To understand how the economy works, we have different kinds of metrics like the Index of Industrial Production (IIP) or Gross Domestic Product (GDP). IIP calculates the growth in factory output; GDP measures the size of the economy. Similarly, we have the PMI data that gauges the growth in demand. It does so by evaluating business activity and planned purchases of goods and services. The PMI data is announced separately for manufacturing and services sectors, and is reported as a double-digit figure. Any figure above 50 reflects growth in activity. Consequently, a sub-50 reading denotes a contraction or a fall in activity.
What this means
Higher the figure, greater is the expansion. This means, businesses are getting more fresh orders. PMI thus reflects an improvement in demand, and consequently, the economy. But, as with any other economic data, only a consistent reading will help understand macroeconomic conditions.
Indian PMI
Manufacturing PMI for October stood at 49.6, the same as September. It has been below 50-levels since August. Services PMI, meanwhile, improved marginally to 47.1 from the over four-year low of 44.6 in September.
Reading the fine-print
The PMI survey takes into account factors like new orders, outlook for future, employment and production output. Data for October suggests that while there is a marginal pick-up in orders, some stress factors remain like high input price, inventory levels or order backlog.

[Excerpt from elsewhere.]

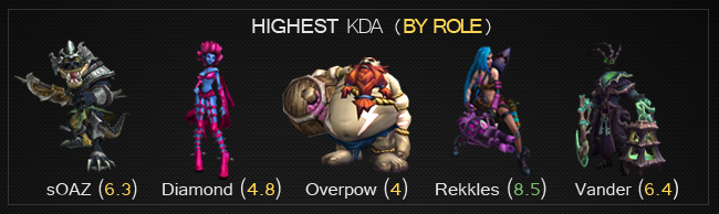 As Fnatic now shares first place with Gambit Gaming and ROCCAT, sOAZ and Rekkles also share best KDA by role with members from the other two top teams. Overpow retains his lead as king of the mid lane KDA from last week at 4.0, the lowest on the board, but his teammate, Vander, has ousted YellOwStaR, despite the Annie player's firm claim on the most assists title, with a respectable 6.4, simply for dying less.

Input price index and inventory pile-up
High input costs reduce a company’s profitability. This rose to a 16-month high of 64.5 in October despite an appreciation in the rupee in September, according to a Business Standard report. This shows that the industry faces broad-based pressure on pricing. This could also force companies to hike prices to maintain profitability, which could further impact demand. Inventories are the goods that factories produce well in advance of sales. Companies build inventories to make sure goods are available in plenty. However, too much increase will lead to a fall in production until the goods are sold. This also reflects slower demand. Inventories, when compared to new orders, rose to the highest levels since January 2009, the report said. This suggests that manufacturing output could fall going forward.